Once I’d unpacked and stowed my gear I had a bit of a nap for an hour or so then after a good long shower, (there was no shortage of water at ‘Shay’ even though we were stuck on /in the Great Sandy Desert, I’ll go into that at another time;) I presented myself back at the town managers office to meet up with the outgoing ‘Wet” manager.
I can’t recall this blokes name or much about him except that he was Irish, didn’t much like or give a damn about the running of the wet canteen just enjoyed the money; it was a good paying job with all food and accommodation thrown in; but he was anxious to move on.
At this time he was getting ready to open the bar for the night session. The ‘Wet’ operated two shifts , morning from 09.30 ’til 11.30 and afternoon from 16.00 ’til 22.00. The idea being to give the man coming off the afternoon/ night shift time to get cleaned up have their dinner/breakfast then get some sleep before heading back out to the mine site to start again in the afternoon.
Those on the day shift had the nights off and they got their drinking done between 18.00 and 22.00, and the gluttons for punishment would then wander over to “The Club” and stay drinking there ’til they closed around 23.30 I think it was, I’d slip over some nights after closing up my place and have a couple of quiet ones with some of ‘my boys’. I didn’t do this often as I had an early rise seven days a week; and I’m going to tell you why shortly.
My Irish ‘chum’ gave me the run down on the ‘Wet’ as he was getting ready to open and we ran through the bookwork which was pretty straight forward and simple.
I found that the ‘Wet’ sold only beer; anybody wanting wines or spirits had to join “The Club”. I also found that the ‘Wet ‘ was not a very busy place doing 4 kils (kilderkins) a week and around 40 cartons (24 cans per carton), I thought Paddy (I’ll call him that for want of a name) was having me on. Here we were in a mining town in one of the hottest if not the hottest place in Australia and he was pulling 4 kils and 40 cartons in a township of just under 800 souls mostly single men.
Really, I thought he was having me on, the Irish are supposed to have a weird sense of humour, but no he was fair dinkum. I asked him what he was doing and he just sort of shrugged. He really didn’t care.
When we were going over the books he advised me that Perth (Poone’s) were happy to get around $78 a keg, the landed cost at Shay was just under $27 which gave them around $50 profit a keg, he was not selling enough to pay his wages and they were happy? Something funny going on here. The margin on the cans wasn’t as good by a long chalk.
Anyway when he opened up I could see why the place was only doing 4 a week, the place was dead there were two pool tables and a few bored blokes playing, I got the feeling that the reason that they came in was to eye off the new bloke (me) and as I wasn’t actually working I had a few beers with some of my new customers to be and made myself known.

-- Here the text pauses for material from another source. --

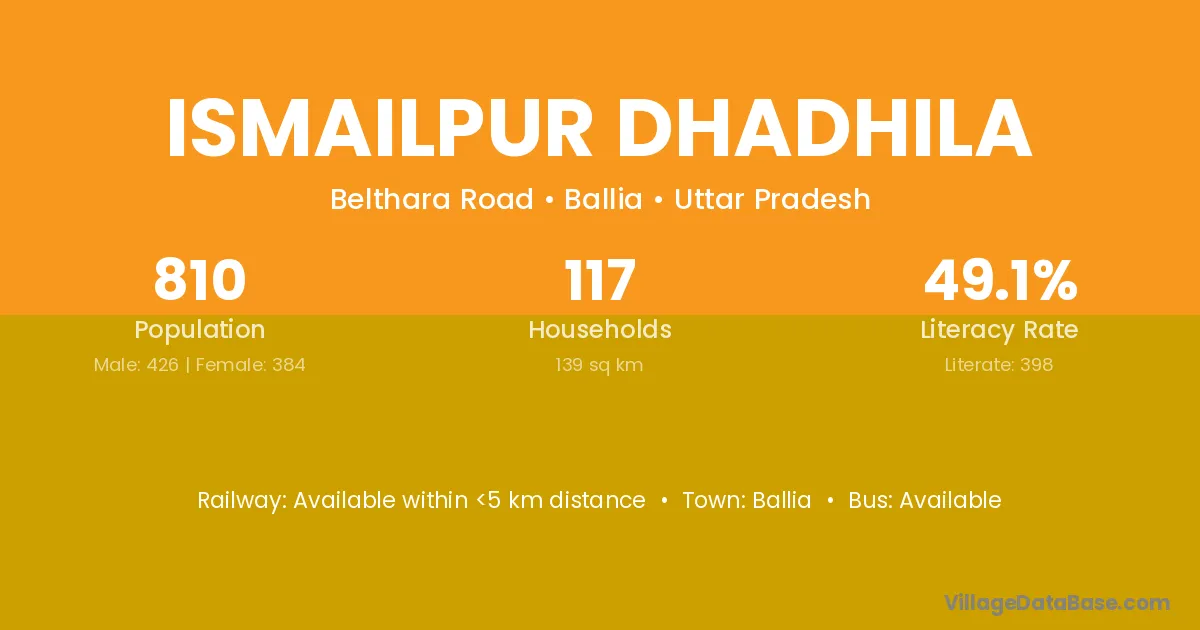 Ballia is the nearest town to Ismailpur Dhadhila village for major economic activities

Before I go too far I’d better explain the beer. In Western Australia back in the 70’s they were not using the standard drink sizes as put out by the AHA the drinks came in the following sizes; a glass 5 oz, a middy or schooner 7 oz , a pot 10 oz and a pint 15 oz.
The most common/popular was the pot and the serious drinkers stuck with the pints. And me? I stuck to the glass; I would have several drinks during a day and I never varied I stuck to the 5 oz. and I never reneged when it came to my “shout”! I’d been in the business too long.
My first and only night with Paddy was an eye opener, he had four taps hooked up to two banks of one keg a bank. I’d never seen anything like this, the total spillage at the end of the night was probably more than he sold, I said nothing.
The next morning was pretty much the same except while he was getting the bar set up and ready he had his first, I can’t say best, customer for the day. The main singles men’s mess and the senior single management staff mess were part of the same building as the “Wet Canteen” and the Chef was in the habit of coming in while Paddy was setting up shop and keeping him company by downing two or three or more cans of beer while the cooks were working away in his kitchens. He was Swiss and a drunk with a bit of an ego. Naturally he never paid.
Paddy asked me when I thought I’d be ready to take over and I told him that I’d take over after he closed up for the morning, he thought I was kidding and I assured him that as far as I was concerned there wasn’t much that I couldn’t work out for myself and if he wanted to finish up it was fine with me.
After we closed up for the morning he handed over the keys to me and we said farewell; I never saw him again. Whether he was able to leave town that day or not I didn’t know and I didn’t really care, I thought he was a lazy useless bludger and I wanted to see the back of him as soon as possible.
I could see plenty of prospect for ‘The Wet’!